Im übrigen ist die Bundesregierung bereit, Anträge des Landes Schleswig-Holstein auf finanzielle Unterstützung des Wiederaufbaues der Insel so wohlwollend, wie es die Lage nur irgendwie gestattet, zu prüfen. Sie wissen vielleicht, daß gerade in diesen Tagen die schleswig-holsteinische Regierung ein Kuratorium gebildet hat, um aus allen Teilen des Bundesgebiets Unterstützung heranzuziehen, und daß, soweit ich unterrichtet bin, wohl an sämtliche Mitglieder des Kabinetts die Aufforderung ergangen ist, sich anzuschließen. Ich selbst habe jedenfalls heute meinen Beitritt erklärt.
Zu dem Antrage der Zentrumsfraktion, daß die Bundesregierung alsbald Verhandlungen mit dem britischen Hohen Kommissar zwecks Verlegung einer Polizeiabteilung nach Helgoland aufnehmen möge, damit die Ausplünderung der Insel verhindert werde, läßt sich sagen, daß dort tatsächlich im gewissen Umfange Diebstähle an Schrott und an dem dort sonst anfallenden Material vorgekommen sind. Aber es ist unter den gegenwärtigen Verhältnissen ja nicht möglich, Polizeiabteilungen auf der Insel zu stationieren, und zwar wegen der mit dem Aufenthalt auf der Insel unmittelbar verbundenen Gefahr für Leib und Leben. Für den Fall der weiteren Prüfung der Frage werden wir uns je nach dem Maß der uns zur Verfügung stehenden Mittel jedenfalls beteiligen und die möglichen Schritte unternehmen.
Ich komme damit zu dem Antrag der KPD. Auf die persönliche Seite werde ich dann am Schlusse eingehen.
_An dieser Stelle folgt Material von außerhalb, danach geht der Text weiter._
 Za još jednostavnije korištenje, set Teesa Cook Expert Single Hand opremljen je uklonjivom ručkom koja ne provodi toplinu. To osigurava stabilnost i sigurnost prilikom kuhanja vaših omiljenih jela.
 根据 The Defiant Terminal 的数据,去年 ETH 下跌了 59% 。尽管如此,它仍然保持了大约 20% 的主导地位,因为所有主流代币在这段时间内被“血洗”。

Der Antrag der Fraktion der KPD, den Beschluß der Bundesregierung über Maßnahmen gegen Unternehmungen, die politische Organisationen verfassungsfeindlichen Charakters unterstützen, abzulehnen, wird damit begründet, daß dieser Beschluß eine Verletzung des Art. 3 unserer Verfassung enthalte. Der Einwand ist nicht begründet.
Der Art. 3 ist hineingestellt in die verfassungsmäßige freiheitliche Grundordnung unserer Bundesrepublik. Nach Art. 2 des Grundgesetzes hat jeder das Recht auf freie Entfaltung seiner Persönlichkeit, soweit er nicht die Rechte anderer verletzt und soweit er nicht gegen die verfassungsmäßige Ordnung verstößt.
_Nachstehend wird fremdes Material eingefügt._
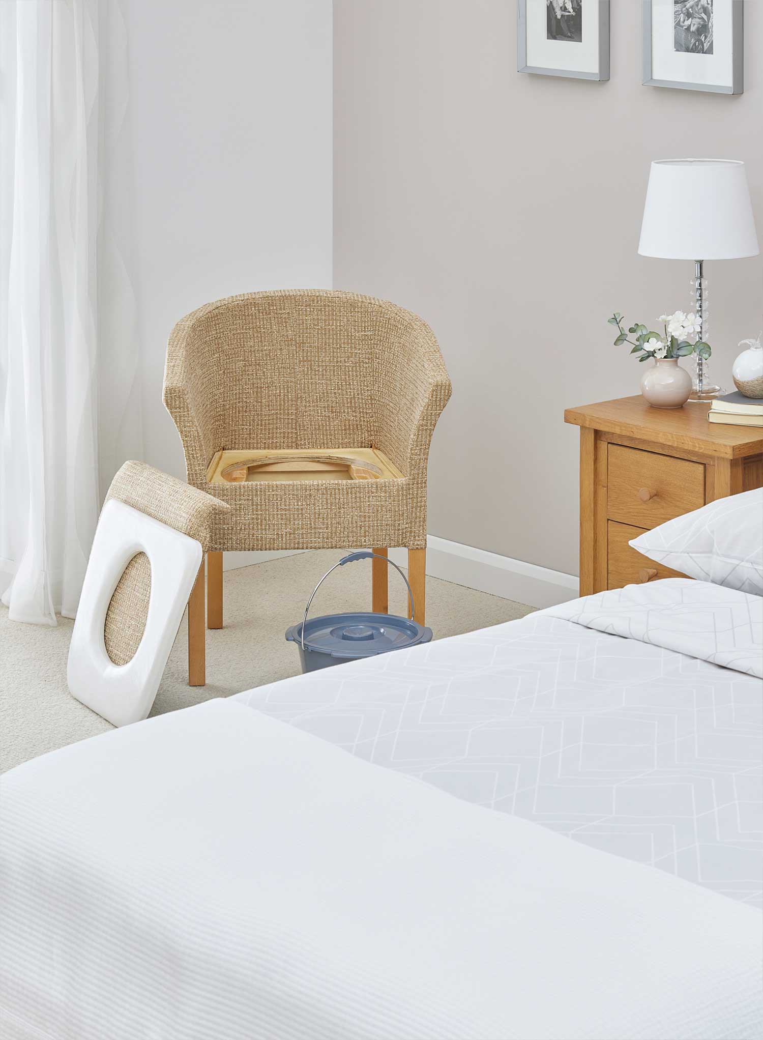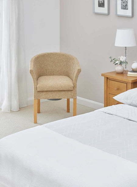 The Exmouth Luxury Commode is designed to blend in as a stylish armchair while discreetly concealing a removable commode pan beneath the comfortable seat cover. This makes it ideal for use in living rooms, bedrooms or other areas where quick access is needed.

Daraus folgt, daß der Art. 3 nur in Zusammenhang mit den diese Grundordnung konstituierenden Bestimmungen ausgelegt werden kann. Wenn die Bundesregierung solchen Wirtschaftsunternehmungen, die verfassungsfeindliche Organisationen unterstützen, keine wirtschaftliche Förderung zuteilwerden läßt und ihnen insbesondere keine Aufträge erteilt, dann handelt sie in Ausübung der Verpflichtung zu staatlicher Selbsterhaltung.
Wenn die Bundesregierung die notwendigen Maßnahmen zum Schutze der freiheitlichen Grundordnung nicht ergreifen würde, würde sie sich selbst aufgeben und es unterlassen, das ihr nach der allgemeinen Staatsrechtslehre zustehende Notwehrrecht in Anspruch zu nehmen.
Zu der persönlichen Seite. Ich glaube, Herr Abgeordneter Renner, ich habe Ihnen bei vielen Gelegenheiten bewiesen, daß ich für Sie und Ihre Freunde und Ihre Bestrebungen hellhörig genug bin.
— Über Spitzelapparate wissen wir allerdings genau Bescheid!
Im übrigen möchte ich Sie darauf verweisen, daß Sie mir schon einmal im Landtage von NordrheinWestfalen mit denselben sinnlosen Verdächtigungen gegenübergetreten sind und behaupteten, ich
9 hätte den Nationalsozialisten in irgendeiner Form Beistand geleistet. Mein Kampf gegen die Nationalsozialisten, den ich jahrelang geführt habe, ist hinreichend bekannt. Ich brauche das hier nicht noch einmal anzuführen.
In dieser Einstellung bewerte ich auch Ihre Ausführungen, Herr Renner.